Can you please make __next_physmem_range() static inline if we are to
keep it?

>  int memblock_physmem_add(phys_addr_t base, phys_addr_t size);
>  #endif
>  void memblock_trim_memory(phys_addr_t align);
> diff --git a/mm/memblock.c b/mm/memblock.c
> index 39aceafc57f66..5f6389af11895 100644
> --- a/mm/memblock.c
> +++ b/mm/memblock.c
> @@ -44,19 +44,19 @@
>   *   in the system, for instance when the memory is restricted with
>   *   ``mem=`` command line parameter
>   * * ``reserved`` - describes the regions that were allocated
> - * * ``physmap`` - describes the actual physical memory regardless of
> - *   the possible restrictions; the ``physmap`` type is only available
> - *   on some architectures.
> + * * ``physmem`` - describes the actual physical memory available during
> + *   boot regardless of the possible restrictions and memory hot(un)plug;
> + *   the ``physmem`` type is only available on some architectures.
>   *
>   * Each region is represented by :c:type:`struct memblock_region` that
>   * defines the region extents, its attributes and NUMA node id on NUMA
>   * systems.

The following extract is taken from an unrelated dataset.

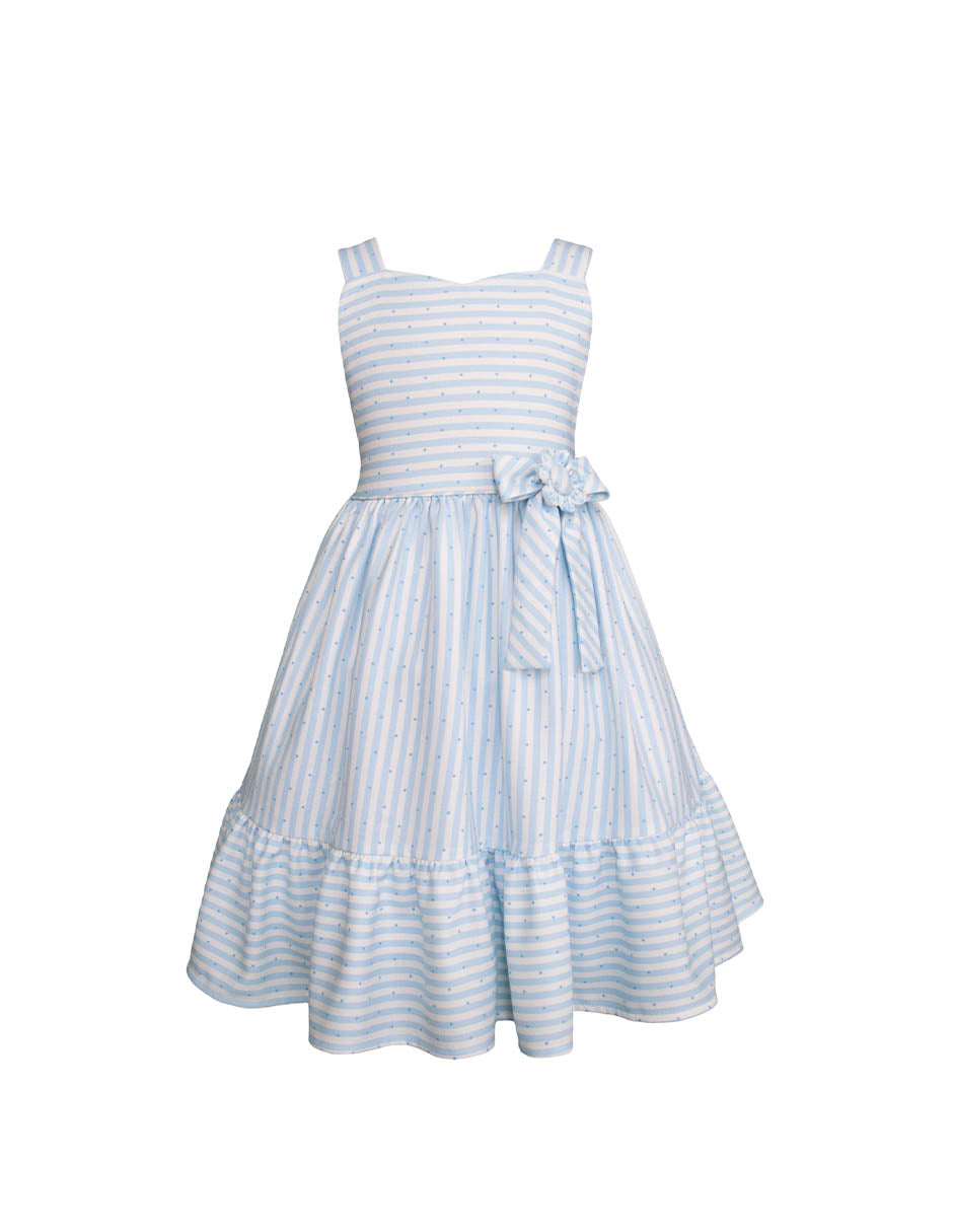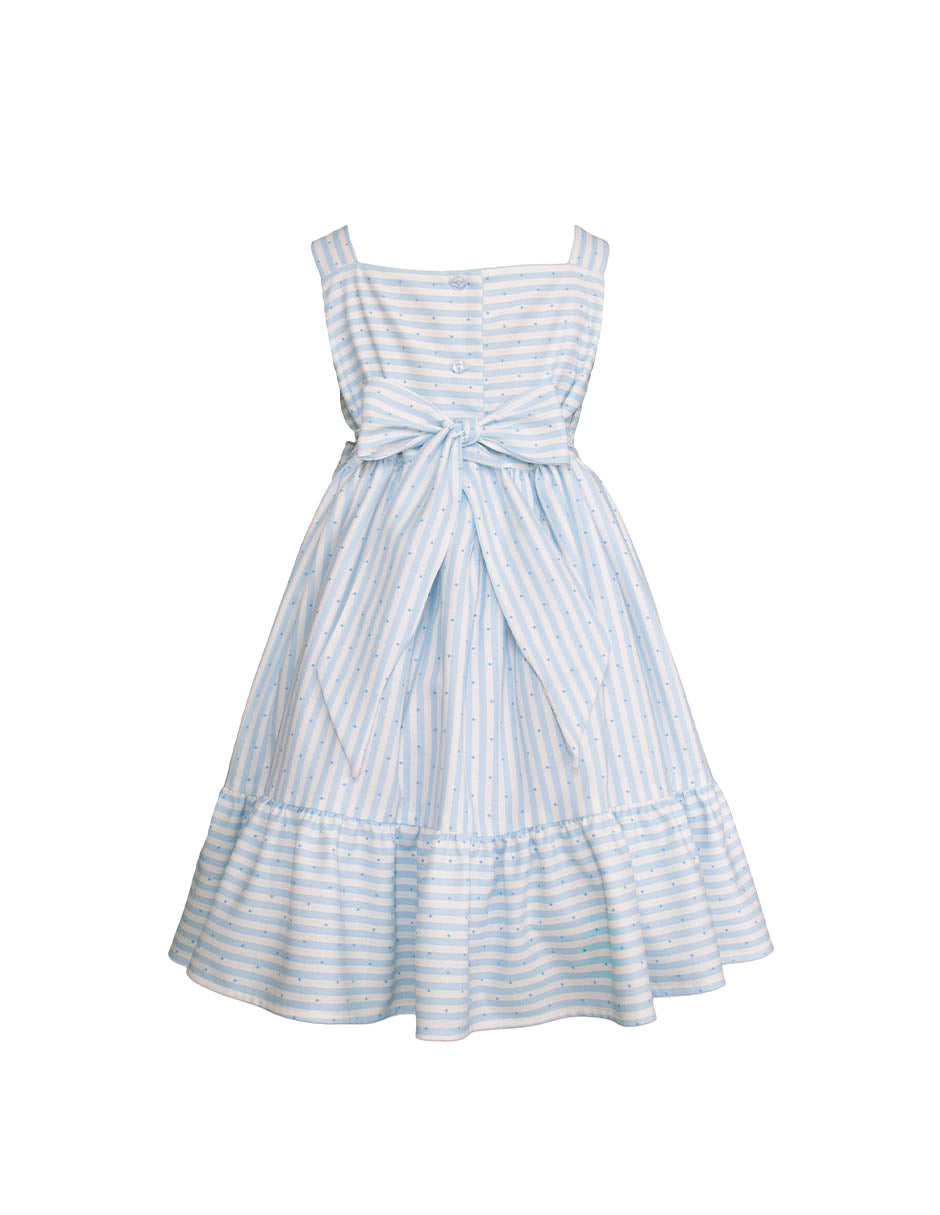 Su delicado diseño combina un elegante patrón de rayas sutiles con una falda amplia de caída ligera, creando un estilo clásico y sofisticado. El moño lateral añade un detalle femenino que realza el diseño, mientras que su corte sin mangas permite mayor comodidad y libertad de movimiento.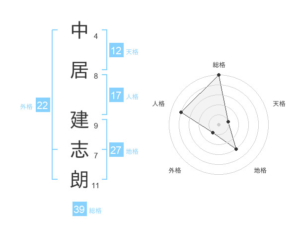 中居 建志朗さんの地格は27画の3点!

Every memory type is described by the :c:type:`struct
>   * memblock_type` which contains an array of memory regions along with
> - * the allocator metadata. The memory types are nicely wrapped with
> - * :c:type:`struct memblock`. This structure is statically initialzed
> - * at build time. The region arrays for the "memory" and "reserved"
> - * types are initially sized to %INIT_MEMBLOCK_REGIONS and for the
> - * "physmap" type to %INIT_PHYSMEM_REGIONS.
> + * the allocator metadata. The memory types (except "physmem") are nicely
> + * wrapped with :c:type:`struct memblock`. This structure is statically
> + * initialized at build time. The region arrays for the "memory" and
> + * "reserved" types are initially sized to %INIT_MEMBLOCK_REGIONS.

I'd prefer

	... The "memory" and "reserved" types are nicely wrapped 
	with :c:type:`struct memblock`. This structure is statically
        initialized at build time. 

And while on this we can update the "reserved" size to match the code:

	The region arrays are initilily sized to %INIT_MEMBLOCK_REGIONS
 	for "memory" and %INIT_MEMBLOCK_RESERVED_REGIONS for "reserved".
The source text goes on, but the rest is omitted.